Attenti alla vostra reputazione
Spiegavo l’altro giorno a un bravo ragazzo, vittima della sua nomea, che poteva essere certo dell’attenzione riservata nei suoi confronti a scuola, perché gli adulti che lo seguono sono pronti a cogliere e valorizzare qualsiasi suo gesto di riscatto. E, tuttavia, mi toccava insegnargli il peso della reputazione, che incombe su ogni giudizio occasionale. I trent’anni di differenza tra di noi mi sono risultati chiari quando mi sono sentito automaticamente parlare non solo di reputazione in generale, ma nello specifico di web reputation.
Oggi, lo sappiamo da tempo, gli individui sono diventati anche il prodotto. E l’identità reale si impasta con quella virtuale. Il peso delle dicerie, una volta, aveva un raggio d’azione limitato; oggi il nostro versante social ci espone a una virtuale Vergogna Assoluta – mentre noi, ovviamente, siamo abbacinati dalla Gloria.
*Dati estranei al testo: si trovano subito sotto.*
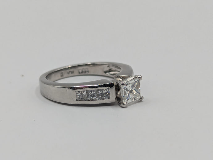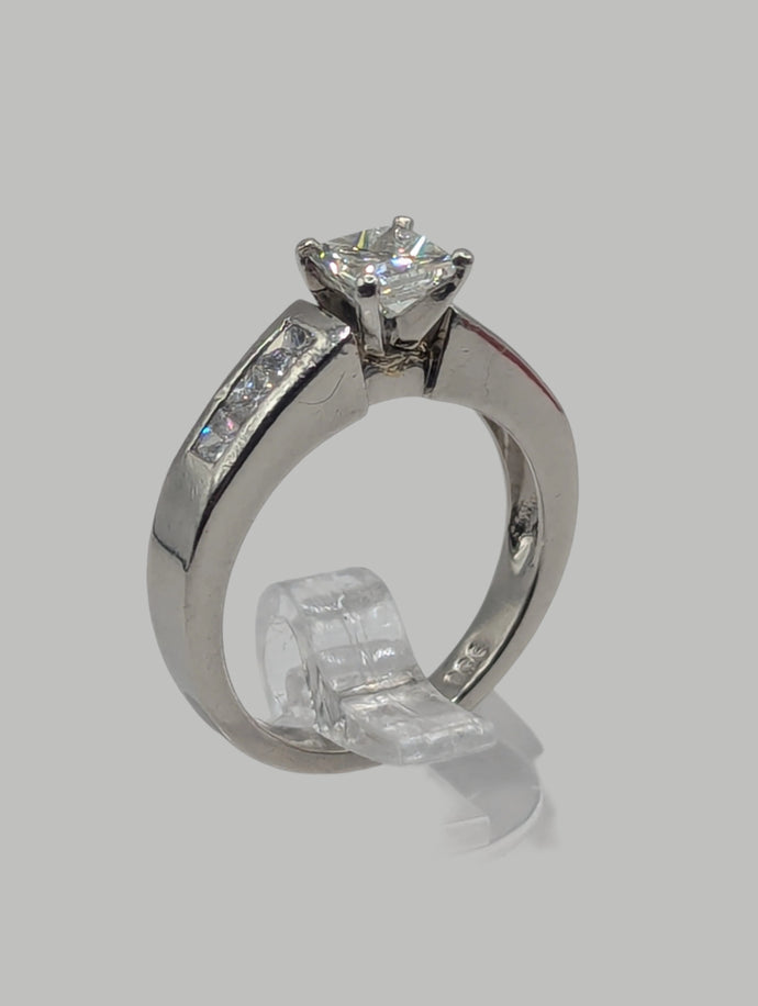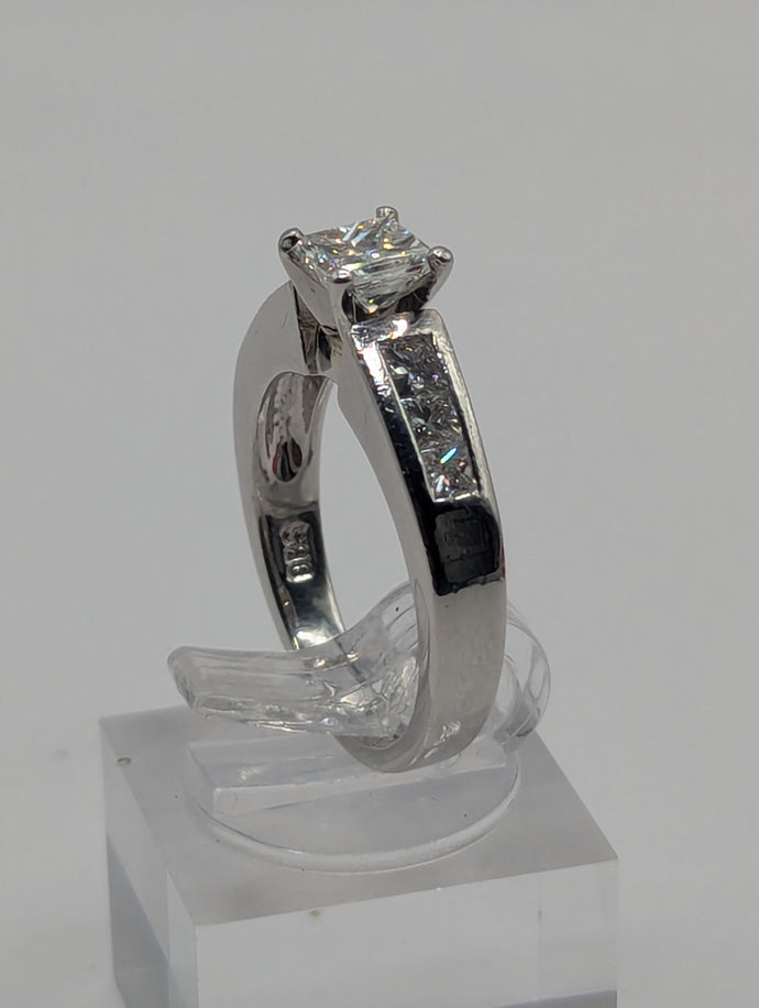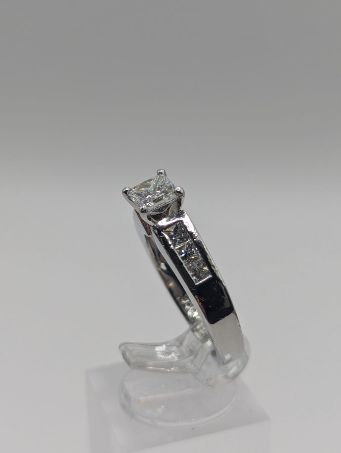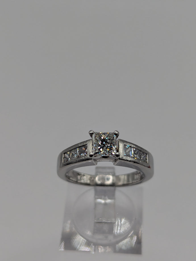 - Center Stone: Approx. 0.75 carat natural princess cut diamond, VS1, H Color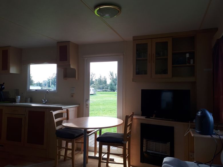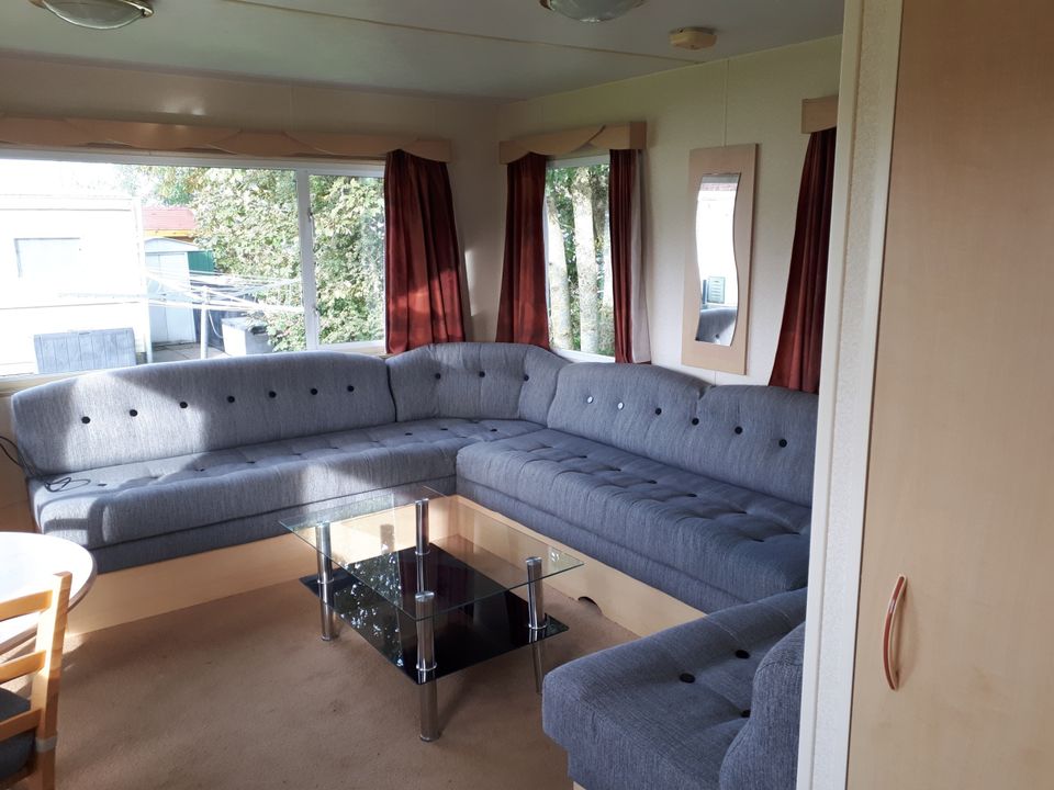 This comfortable mobile home is located on a cozy campsite with a view of the waterway. The mobile home has a spacious living room with a sitting area and an open kitchen with dining area. The kitchen is fully equipped, including a gas stove, refrigerator, microwave, Senseo, kettle, oven and freezer. The caravan has 2 bedrooms and a sofa bed. All beds have pillows and duvets including bed linen. The bathroom has a shower, sink and toilet. The mobile home has hot and cold running water and is connected to the sewer. Next to the mobile home is a shed for bicycles and garden cushions. Outside you can relax on the veranda with garden furniture and a parasol.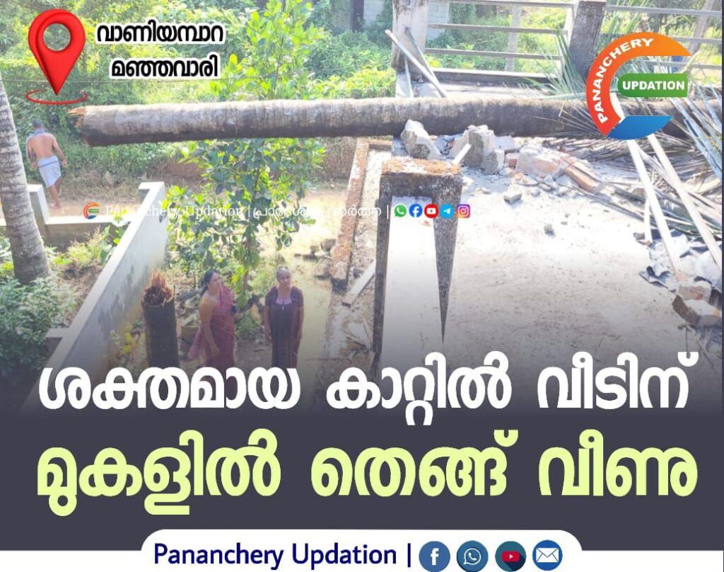 ശക്തമായ കാറ്റിൽ വീടിന് മുകളിൽ തെങ്ങ് വീണു.വാണിയമ്പാറ മഞ്ഞവാരി എലിഞ്ഞേരി വീട്ടിൽ സത്യഭാമയുടെ വീടിൻറെ മുകളിലാണ് ഇന്നലെ 9 മണിയോടുകൂടി വീശീയ കാറ്റിൽ തെങ്ങ് മുറിഞ്ഞ് വീടിന് മുകളിൽ വീണത്.വീടിൻറെ ടെറസിന് വിള്ളലുകൾ സംഭവിക്കുകയും പാരപെറ്റിൻ്റെ പകുതിഭാഗം തകരുകയും ചെയ്തു. ടെറസ് വീടിൻറെ മുകൾഭാഗത്ത് തെങ്ങ് വീണതിനാലാണ് വൻ അപകടം ഒഴിവായത്. അപകട സമയത്ത് സത്യഭാമയും മകനും വീടിനകത്ത് ഉണ്ടായിരുന്നു. സമീപത്ത്’തന്നെ മറ്റു വീടും പഞ്ചായത്ത് റോഡും പോകുന്നുണ്ട് .വാർഡ് മെമ്പർ ഷീല അലക്സ് അപകടസ്ഥലം സന്ദർശിച്ചു.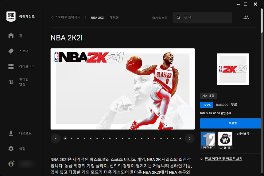 지금까지 에픽게임즈 무료게임 NBA 2K21를 다운로드 하는 방법을 자세하게 확인해 보았습니다. 그리고 혹시나 저와 같이 보유함 오류가 발생한다면 웹 브라우저를 통해서 시도해 보시길 바랍니다.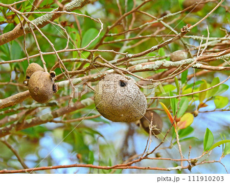 不揃いな形の虫こぶがと実がついたマンサク科のイスノキ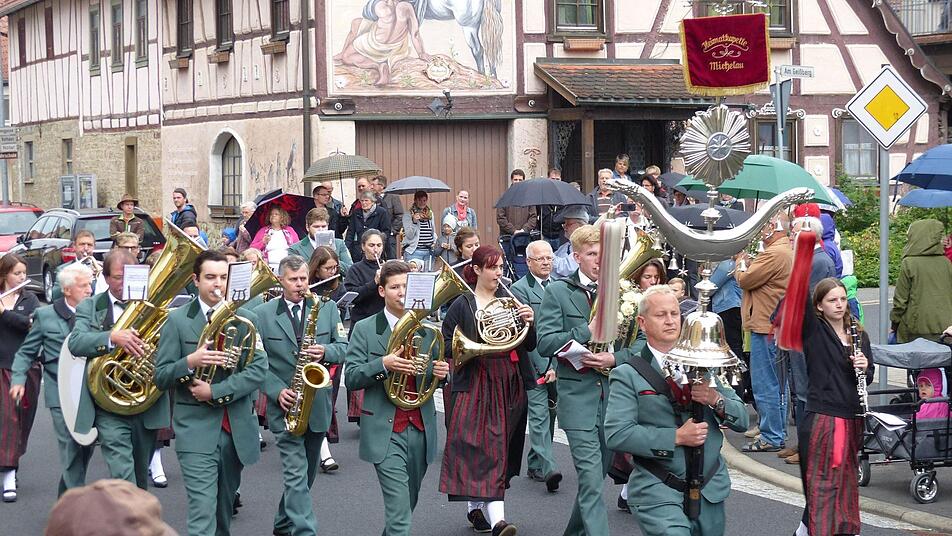 Wenn es trotz leichten Regens die Leute auf die Straße zieht, dann muss das schon einen gewichtigen Grund haben. So war es auch beim Sternmarsch zum 50-jährigen Bestehen des Musikvereins in Greßthal der Fall: Mit den Fuschter Musikanten, der Trachtenkapelle Theinfeld, den Steinwaldmusikanten Pullenreuth, der Heimatkapelle Michelau, der Musikkapelle Gauaschach sowie dem MGV Brebersdorf/Kützberg hatten sich etwa 150 Musikanten anlässlich des 50-jährigen Jubiläums an verschiedenen Plätzen im Ort jeweils zu einem kleinen Platzkonzert aufgestellt. Mit Polkas, Märschen oder Volksliedern lockten sie die Einwohner aus ihren Häusern, bevor sie bei leichtem Regen durch die Dorfstraßen zum Festzelt am Sportplatz marschierten, wo zahlreiche Gäste applaudierten.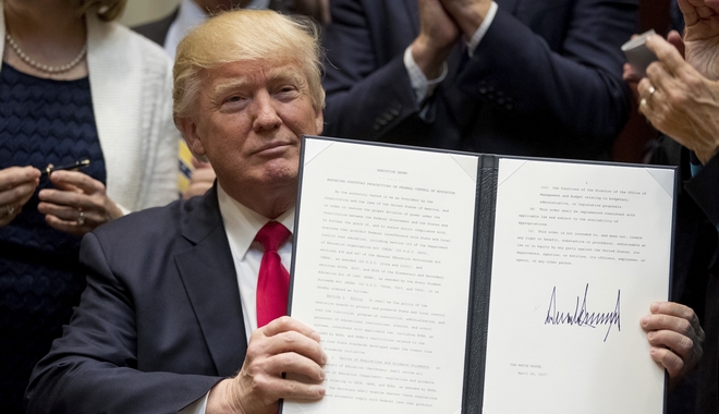 Μια ανασκόπηση των 100 πρώτων ημερών της θητείας Τραμπ. Προεδρικά διατάγματα, κινήσεις εντυπωσιασμού, διεθνείς επαφές, η Υπερειρηνική Συμφωνία Εταιρικής Σχέσης (TPP), η μετανάστευση και οι κυβιστήσεις μετά την αρχική επίθεση κατά πάντων (Pics+Vids)

Fra gli scrittori, le possibili dinamiche tra la presenza sul web e l’opera reale sono già state esplorate tutte, suppongo. C’è chi utilizza i propri social per pubblicare (e testare) i brani del futuro romanzo, chi semplicemente per pubblicizzare il proprio libro – perlopiù autoprodotto. C’è chi ormai sostituisce l’opera cartacea con le pagine nel web e chi si limita a mettere online il backstage del suo capolavoro. C’è chi intende la propria presenza in rete come un presenzialismo da salotto letterario (e si affanna a lasciare commenti e a tessere trame in tutti i modi con editor scrittori critici e compagnia bella) e chi si limita a concepirlo come una bacheca dove appuntare campioni del proprio repertorio.
Tutte queste operazioni possono avere un senso. Io stesso non mi precludo alcuna esperienza. Uso questo spazio per sperimentare e capire. Un po’ diario pubblico, un po’ sommario; un po’ strumento di lavoro didattico, un po’ finestra da cui sparare con la mia cerbottana sul coppino degli altri. Eppure, fin dall’inizio ero consapevole della contraddizione interna che mi imponeva una sorta di misura, per quanto non ben enunciabile. Si tratta di essere rassegnati a una condizione di solitudine (questo sito è la mia torre di Zimmer), ma con una serenità tale da rovesciare la rassegnazione stessa in atto di disobbedienza.
Avvicinatevi alla mia tana con prudenza, dunque.
E diffidate sempre dei bravi ragazzi: potrebbero nascondere in tasca la boccetta del veleno più dolce.
I ragazzacci, invece, hanno spesso un cuore d’oro.